COVID-19 Commemoration programme: ways to remember
Explore different ways you can commemorate COVID-19.
This page explores ways you can commemorate COVID-19. To learn about the government’s COVID-19 Commemorative programme, visit Commemorating the COVID-19 Pandemic. To find COVID-19 help and support organisations, visit COVID-19 Commemoration programme: help and support.
Take part in the COVID-19 Day of Reflection
The next Day of Reflection is Sunday 8th of March 2026.
The COVID-19 Day of Reflection has been held each year since 2021. It’s an opportunity for communities to come together in commemoration for those who lost their lives and for everyone impacted by the pandemic.
You can hear more about why groups and individuals mark the Day of Reflection in the Behind the Hearts video series.
Find a COVID-19 memorial
To help you find your nearest memorial, a list of COVID-19 memorials organised by geographic region and a COVID-19 memorials map have been developed. This map and list may not currently include every COVID-19 related memorial. Memorials will continue to be added to the map and list.
The National Covid Memorial Wall
The National Covid Memorial Wall in London was founded in 2021 by the COVID-19 Bereaved Families for Justice.
The Wall stretches for 500 metres alongside the River Thames and includes hundreds of thousands of hand-painted red hearts, each one representing a person that died in the UK with COVID-19 as a direct cause of death. It is maintained by the Friends of the Wall, a dedicated volunteer-led charity.
Educational materials
Stories of the pandemic
Oral histories and other forms of personal commentaries serve as an important historical record of this period in our history and as an educational tool for future generations. You can use this list to find online and in-person resources that tell the story of the pandemic.

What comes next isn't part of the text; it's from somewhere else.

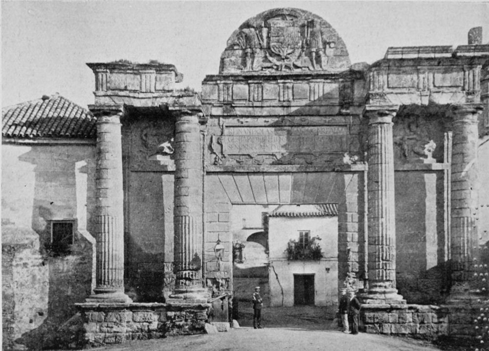 Framed in the arch of a city gateway, he will see a lovely vista of vineyard, olive-crowned hillock, and meditative, grey sierra, rising to the blue.

Please note that this section links to collections provided by third-party organisations, for which the UK government has no responsibility. The list will be updated as new collections are submitted.
- The Academy of Medical Sciences, COVID-19 information hub
Policy and public involvement work to support the UK’s best medical and health research and ensure a range of voices are included in decision-making. It also links to blog posts by the Academy’s president reflecting on their experience of the pandemic, and to an online comic series DIVOC-19 that aimed to empower young adults to make sense of the challenges from the pandemic, co-created by the Academy’s Fellows and medical researchers, artists and young people from across three continents.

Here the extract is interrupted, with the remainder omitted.